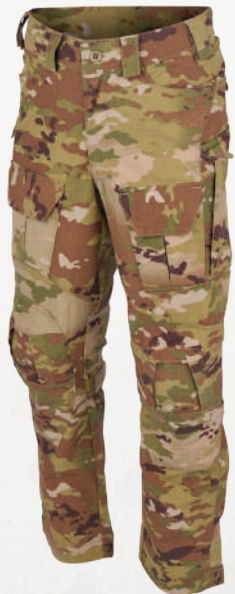
Worn Without Crye Airflex™ Knee Pads
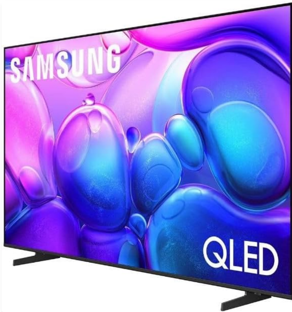
Image: Front view of the Samsung 65-inch QLED TV on its stands, showcasing its slim bezels and a colorful display.
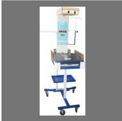
Infant Radiant Warmer
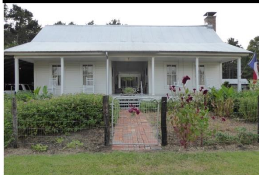
2015 Fall Meeting at Greg Grant's place
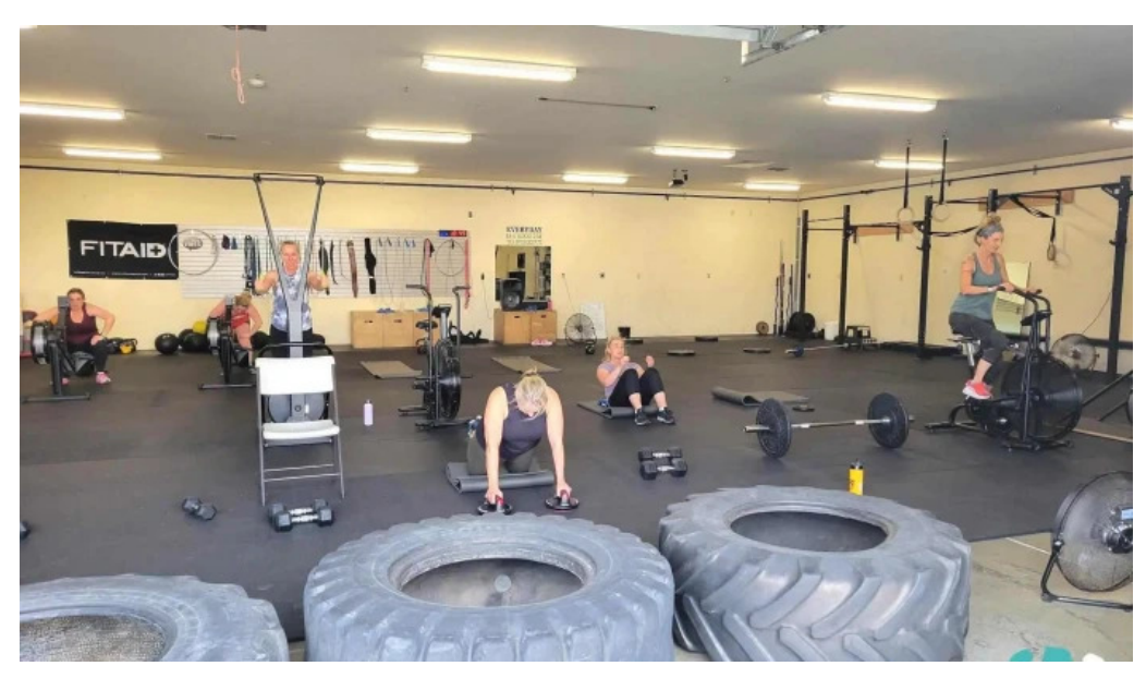
Only good vibes fitness all
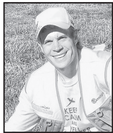
BY NICK SIMONSON DAKOTA EDGE OUTDOORS

In the process of fishing, I've seen a good deal and done a lot of it. I've read a ton, watched some more, and through trial and error learned quite a bit, but most days it feels like it's never enough. Through trial-and-error with new ideas, patterns, and processes, I trade frustration for elation and vice versa on a variety of streams and lakes for the seemingly unlimited species available.
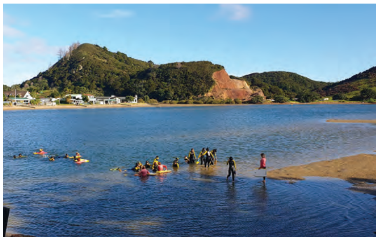
Year 10 Camp, Pataua South - more photos on page 4
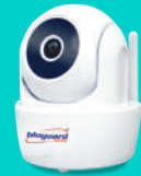
Indoor PTZ Camera
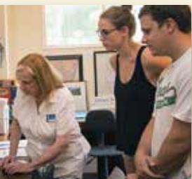
Researchers were available during the party to show some of the reference materials available in the Alfred S. and Ruth M. Moran Resource Center.
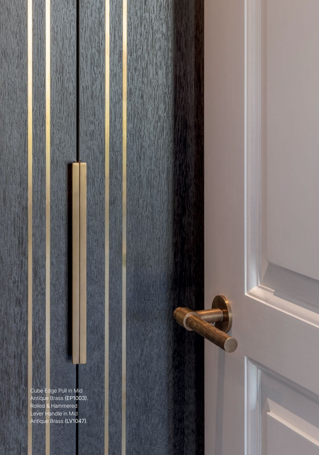
Cube Edge Pull in Mid Antique Brass (EP1003). Rolled & Hammered Lever Handle in Mid Antique Brass (LV1047).
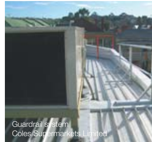
Guardrail system Coles Supermarkets Limited
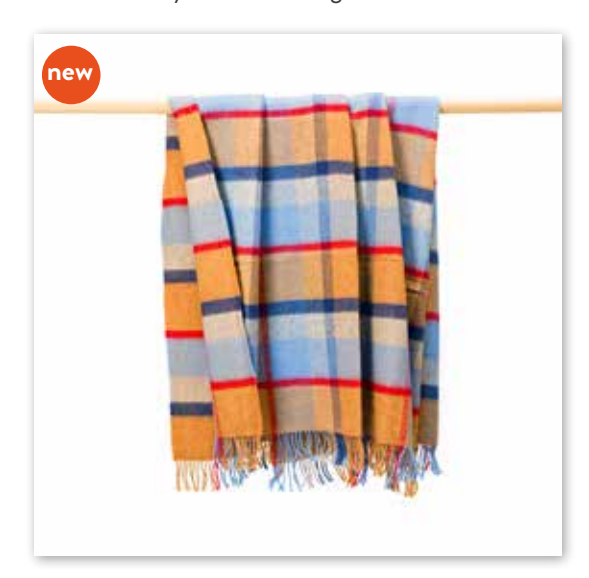
1445 Orange Blue Silver Red Check
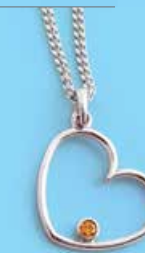
Style 003 Size approx 20mm x 14mm * in 14k white gold
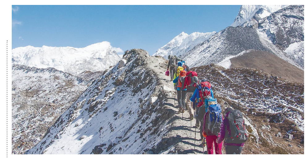
Nepal is famous for trekking. EMBASSY OF NEPAL

It has been just a few months since assuming my duty as ambassador to Japan. As the first female ambassador of Nepal to Japan,
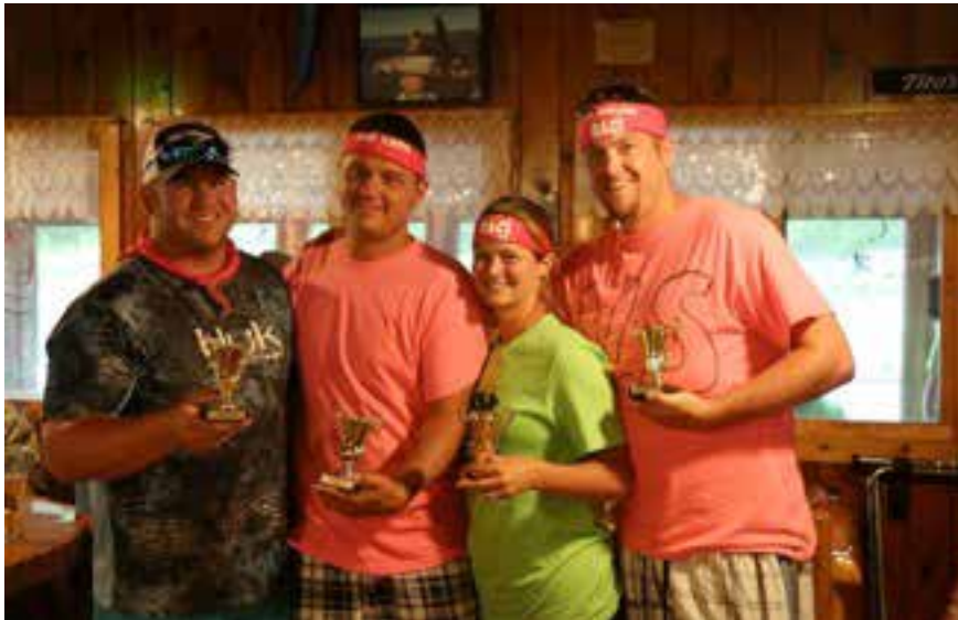
The winning Victorious Secret team shows off their trophies.
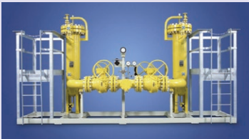
Engineered Filtration Equipment
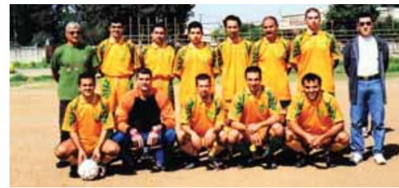
The Asomatos Youth Association football team.
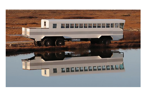
Day 5 Churchill to Via Rail Depart on a Polar Rover tour out onto the tundra, keep your eyes peeled for caribou, eagles,

and other wildlife as well as the unique looking trees. The rest of the day can be spent exploring the town on your own or shopping. This evening we will board Via Rail and head back to Thompson.
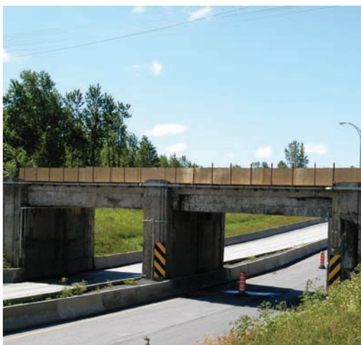
The Canadian Pacific Bridge must be completely overhauled as part of the work on the 15/30 interchange.

In 2007-2008, construction will take place on a temporary bridge to detour the railway lines; a project that is estimated at $4 M. The work will begin in October and is expected to be completed in June 2008.
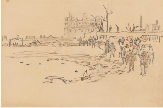
1 KANOKOGI Takeshiro, After the Great Kanto Earthquake (Refuges and Burnt Ruins) , 1923
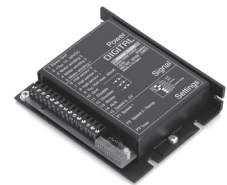
DEC 50/5 1-Q-EC Amplifier 1-quadrant amplifier for controlling EC motors with Hall sensors with a maximum output of 250 watts.
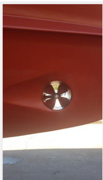
BOW THRUSTER FRESH BOTTOM PAINT 09.2015
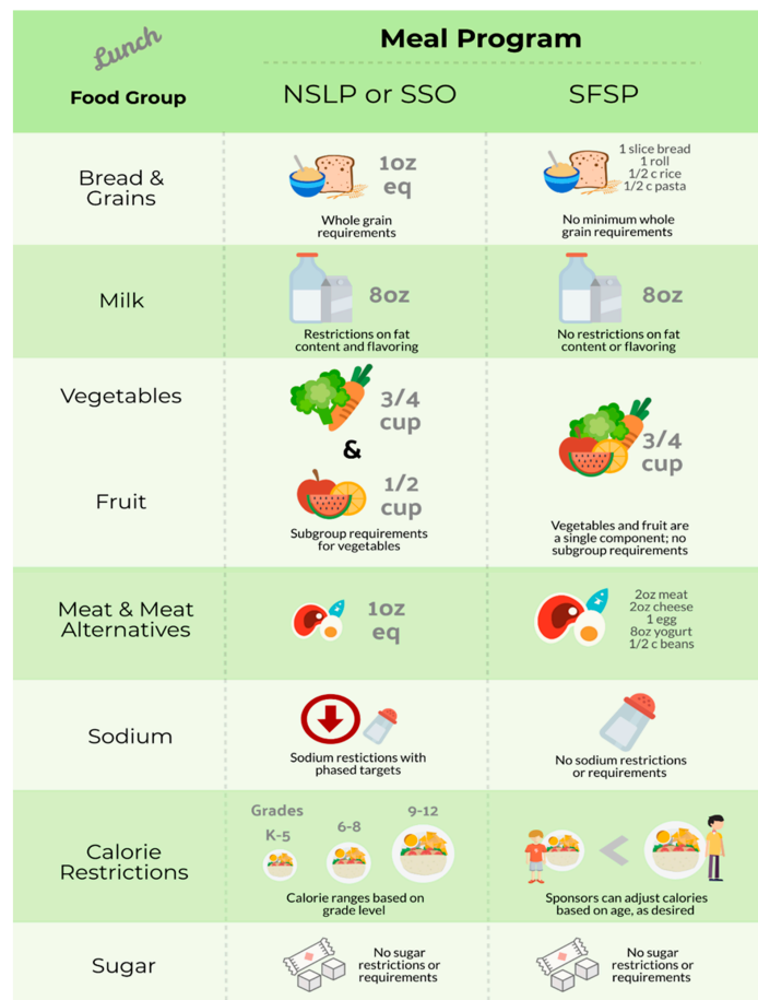
Figure A1. Meal pattern requirements † for meals served through the National School Lunch Program and Seamless Summer Option * compared to Summer Food Service Program. Adapted with permission from the Healthy Eating Research Strengthening the Impact of USDA’s Child Nutrition Summer Feeding Programs During and After the COVID-19 Pandemic brief [47]. Notes: * Sites serving meals using the Seamless Summer Option of the National School Lunch Program are traditionally required to adhere to the School Breakfast Program and National School Lunch Program meal pattern requirements. † Due to COVID, the US Department of Agriculture granted a nationwide waiver providing states the flexibility to serve meals that do not meet meal pattern requirements when needed [48].

SOURCE: NSLP participant and matched nonparticipant lunchtime dietary recall data from the School Nutrition and Meal Cost Study. Daily dietary intake recommendations from the 2015–2020 Dietary Guidelines for Americans, Appendix 7. Notes: NSLP: National School Lunch Program Asterisk (*) denotes statistically significant difference between National School Lunch Program participants and matched nonparticipants. a . Acceptable macronutrient distribution range, b . recommended dietary allowance; c . per 1000 kcal; d . tolerable upper intake level; e . adequate intake.

## ACTIVITY
Write out the lines of the entries above exactly, beginning with the first and ending with the line that contains "BY NICK SIMONSON DAKOTA EDGE OUTDOORS". No picture goes in.

## RESULT FOR THIS TASK
Worn Without Crye Airflex™ Knee Pads
Image: Front view of the Samsung 65-inch QLED TV on its stands, showcasing its slim bezels and a colorful display.
Infant Radiant Warmer
2015 Fall Meeting at Greg Grant's place
Only good vibes fitness all
BY NICK SIMONSON DAKOTA EDGE OUTDOORS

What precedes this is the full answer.